From British journalist Jeffreys (Aspirin: The Remarkable Story of a Wonder Drug, 2004), a walloping exposé of the chemical industry that funded the Nazi machine.
The creation of synthetic dyes, the development of aspirin and other great advances in chemistry and medicine from the mid-19th to 20th century were effected by the Germans, thanks to their technical training and abundance of coal for production, notes the author.
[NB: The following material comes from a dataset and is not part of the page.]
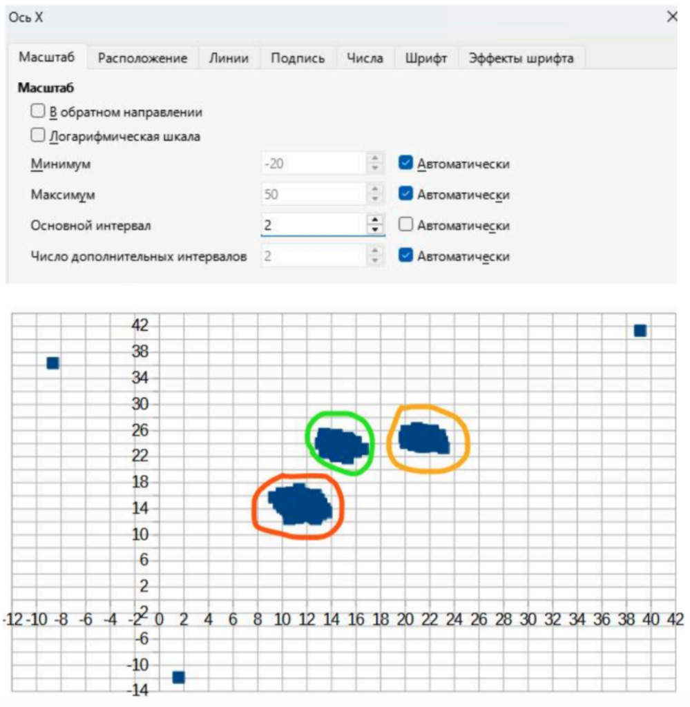 2. Нажимаем ПКМ по оси координат. Во вкладке масштаб меняем основной интервал, например, на 2. Так проделываем с осью X и Y.

Chemist Carl Bosch engineered the “fixing” of nitrogen, which led to the manufacture of synthetic fertilizer and the making of high explosives and mustard gas during World War I. In 1916, a cluster of German chemical firms including Bayer, BASF, Agfa and Hoechst united to form the cartel IG Farben, which grew into a colossus during the 1920s. Headed by Bosch, it pioneered the extraction of synthetic oil from coal along with a synthetic rubber (buna) that would pave the way for German self-sufficiency. Hitler commended the industry’s efforts, and IG Farben made huge donations to the newly powerful Nazi party, complying meekly with the purge of valuable Jewish scientists from its industries. Jeffreys doggedly pursues this dense and frequently bewildering story of tight-knit collaboration, which extended to such American companies as Standard Oil. IG Farben’s complicity fed the aggressive megalomania of Hitler, from the Four-Year Plan that directed all industry to serve the needs of the Reich, through the “wolverine speed” with which IG took over chemical plants in Poland and France once the Nazis rolled in, to the erection of a new buna factory manned by available slave labor at Auschwitz. Did IG’s managers know what was happening to the Jews in these factories of death? “The short, simple, and unequivocal answer is…yes,” writes Jeffreys, whose detailed examination of the facts decisively refutes “the blanket protestations of ignorance” made by IG’s chiefs after the war. Nonetheless, 24 IG executives evaded justice at Nuremberg, thanks to insufficient evidence.
A thoroughgoing, sobering look at a horrific Faustian bargain.